→ **Task prompt**
What you return must be the exact lines of the material below, from the first through the one that has "The edges of", with no pictures and, please, nothing else.

──────────────────────────────

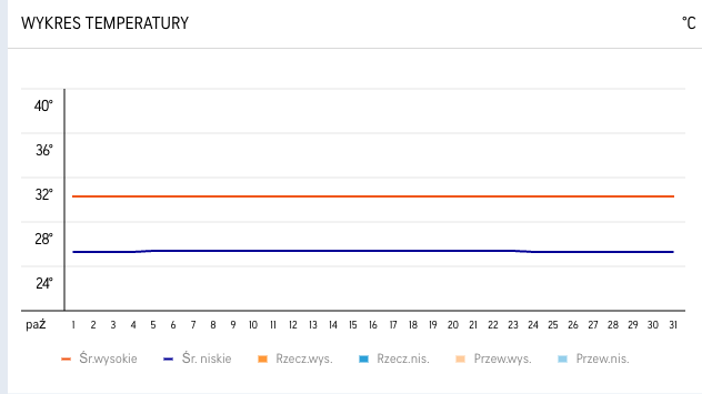 | Malediwy | 30°C | 25°C | 27.5°C | 100 mm |
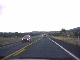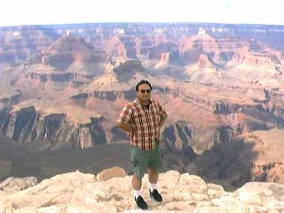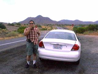 一日目:グランドキャニオン往復 2003年7月24日(木)朝8時30分、滞在中のサハラ・ホテルを出発し、レンタカーの予約を入れているハラーズ・ホテルに 日本で「ムスタング・クーペか同等クラス」のクルマを予約しておりワクワクしていたが、実際のクルマは「トーラス」というファミリーカーでガッカリした。このトーラスがクセモノで、運転席のシートの前後調整の仕方がさっぱり分からない。シートの下を見るとモーターらしきものがついており、パワーシートのようだが、やっぱり動かし方が分からない。助手席に座っていたY君と代わり、彼がガチャガチャいじくり回って15分後ようやくシートが動いた。 とりあえず私の運転で、遥か275マイル(440`)先のグランドキャニオンに向けてスタート。なにせ事前の下調べを全くしないまま公道に飛び出してしまったため、相当あたふたしまくった。インターステート(高速道路)15号(以下I-15と表記)からI-515のジャンクションで、奇跡的に正しい方向に曲がれたため、最短距離で目指す南に向かうことができた。 |
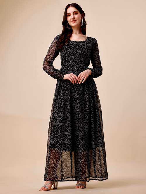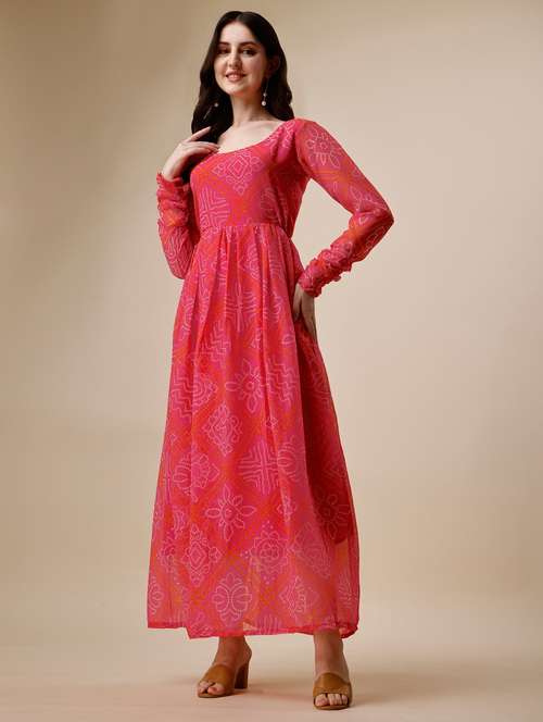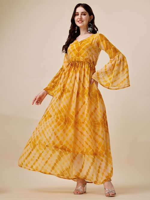 - Dress up in a soothing pattern and don this dress made of georgette material.
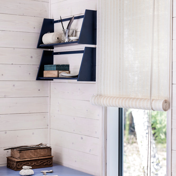 Jute er et naturmateriale med en nydelig tekstur. Denne rullegardinen fra Color&Co er finvevd i lys jute med hvite striper som er ca 1 cm brede. Rullegardinen vil få en mer naturlig brun tone over tid.
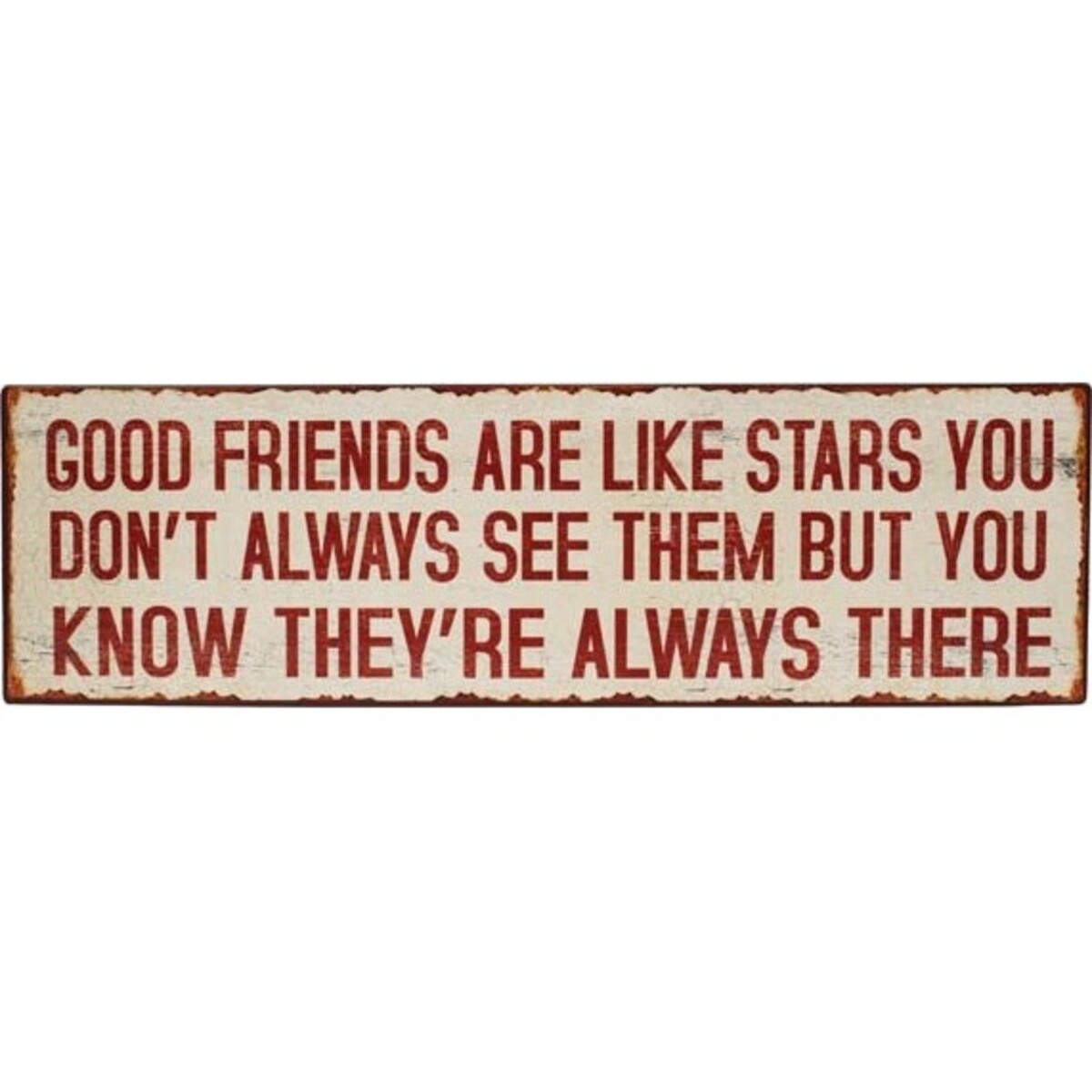 The edges of the signage are accentuated with the red smudge-like features. The center of the sign showcases the texts GOOD FRIENDS ARE LIKE STARS YOU DON'T ALWAYS SEE THEM BUT YOU KNOW THEY'RE ALWAYS THERE. The bold fonts and matching dark red letter palette contrasting the white background makes it standout.
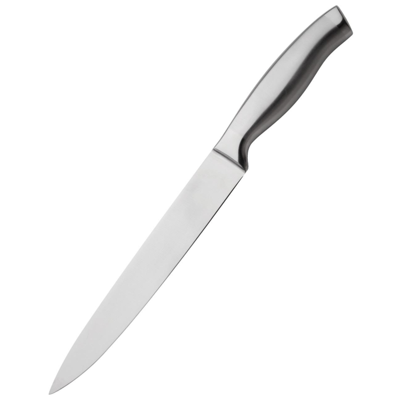 Нож кухонный Luxstahl Base line универсальный лезвие 20 см (кт042). Универсальный нож с лезвием длиной 20 см подходит для резки, рубки и шинковки овощей, фруктов, мяса и рыбы. Устойчивого к температурным воздействиям. Материалы ножа гигиеничны: не впитывают запахи, не создают условий для микробов и легко моются. Нержавеющая сталь лезвия обладает большой механической выносливостью, легко поддается заточке, долго сохраняет остроту. Нож используют, раскачивая его на разделочной доске сверху вниз, благодаря чему рез получается аккуратным, ровным и тонким.
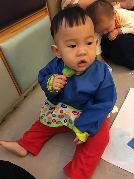 過程中,寶寶會用雙手摸摸板子、摸摸海綿棒、摸摸水彩,這是一個畫畫衣穿好穿滿媽媽才不會昏倒的勞作😆
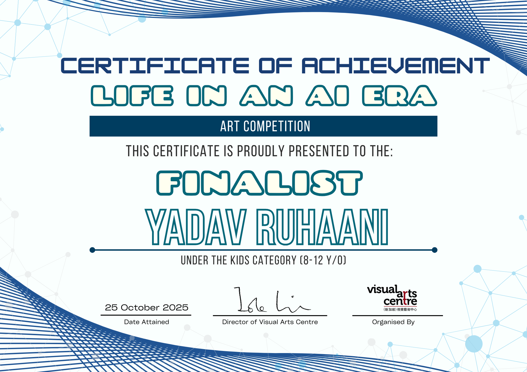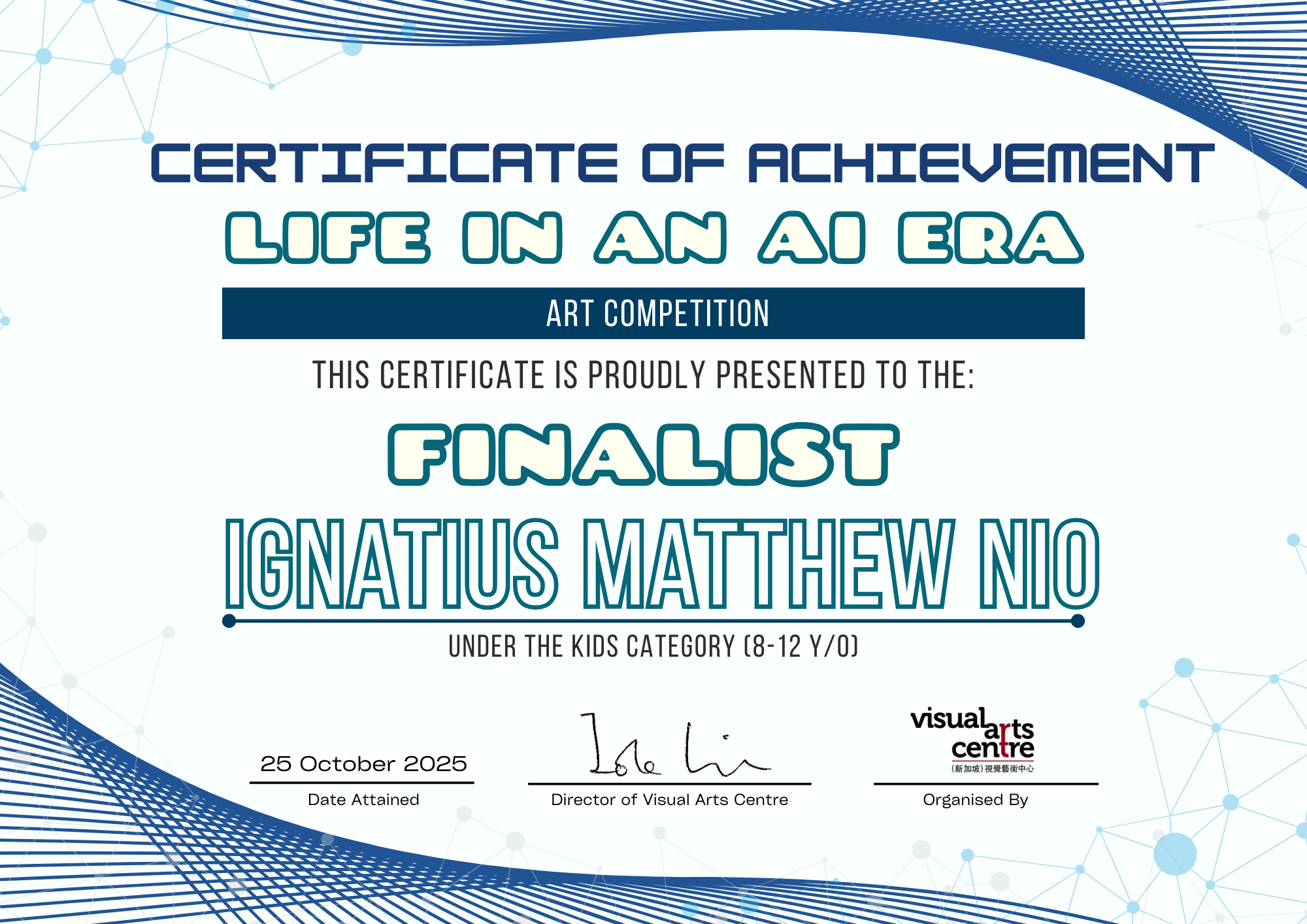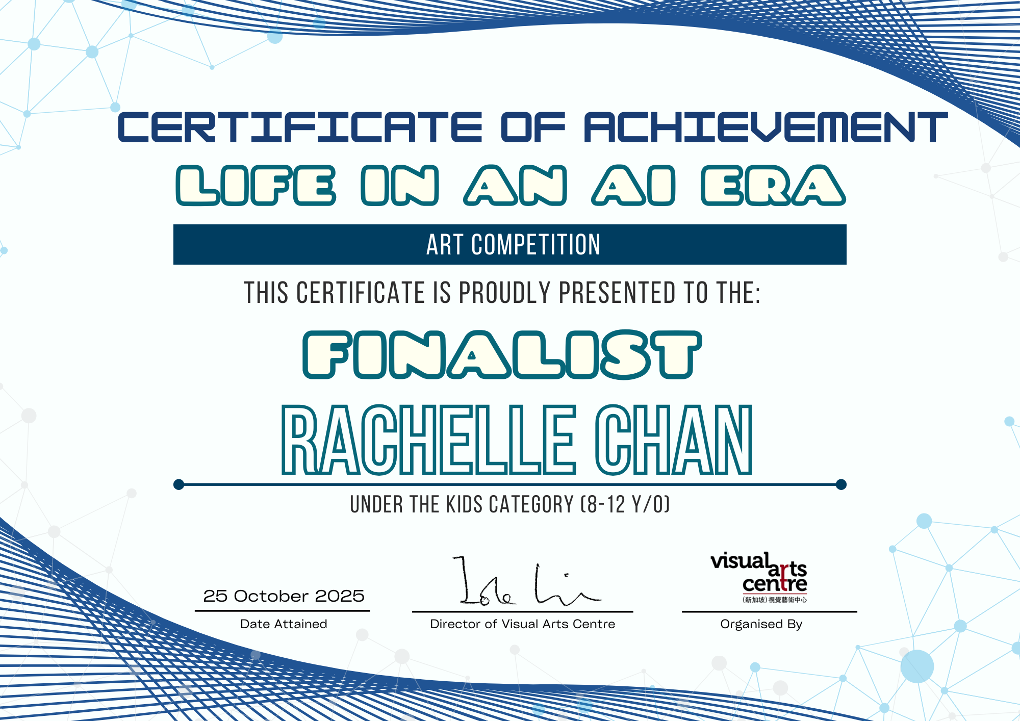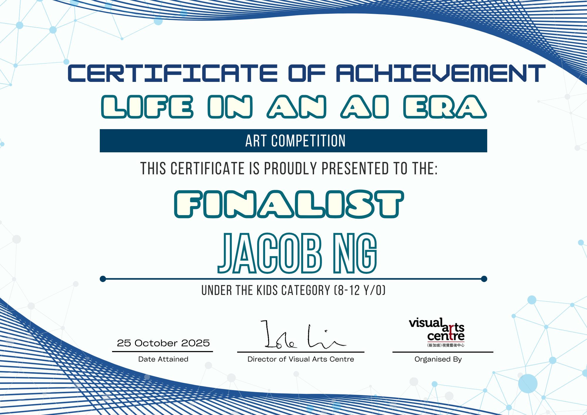 比赛成绩公布日期:2025年10月6日午后12点(成绩将在我们的网站 visualartscentre.sg 公布并电邮通知获奖者)

──────────────────────────────

→ **Task output**
 | Malediwy | 30°C | 25°C | 27.5°C | 100 mm |
 一日目:グランドキャニオン往復 2003年7月24日(木)朝8時30分、滞在中のサハラ・ホテルを出発し、レンタカーの予約を入れているハラーズ・ホテルに 日本で「ムスタング・クーペか同等クラス」のクルマを予約しておりワクワクしていたが、実際のクルマは「トーラス」というファミリーカーでガッカリした。このトーラスがクセモノで、運転席のシートの前後調整の仕方がさっぱり分からない。シートの下を見るとモーターらしきものがついており、パワーシートのようだが、やっぱり動かし方が分からない。助手席に座っていたY君と代わり、彼がガチャガチャいじくり回って15分後ようやくシートが動いた。 とりあえず私の運転で、遥か275マイル(440`)先のグランドキャニオンに向けてスタート。なにせ事前の下調べを全くしないまま公道に飛び出してしまったため、相当あたふたしまくった。インターステート(高速道路)15号(以下I-15と表記)からI-515のジャンクションで、奇跡的に正しい方向に曲がれたため、最短距離で目指す南に向かうことができた。 |
 - Dress up in a soothing pattern and don this dress made of georgette material.
 Jute er et naturmateriale med en nydelig tekstur. Denne rullegardinen fra Color&Co er finvevd i lys jute med hvite striper som er ca 1 cm brede. Rullegardinen vil få en mer naturlig brun tone over tid.
 The edges of the signage are accentuated with the red smudge-like features. The center of the sign showcases the texts GOOD FRIENDS ARE LIKE STARS YOU DON'T ALWAYS SEE THEM BUT YOU KNOW THEY'RE ALWAYS THERE. The bold fonts and matching dark red letter palette contrasting the white background makes it standout.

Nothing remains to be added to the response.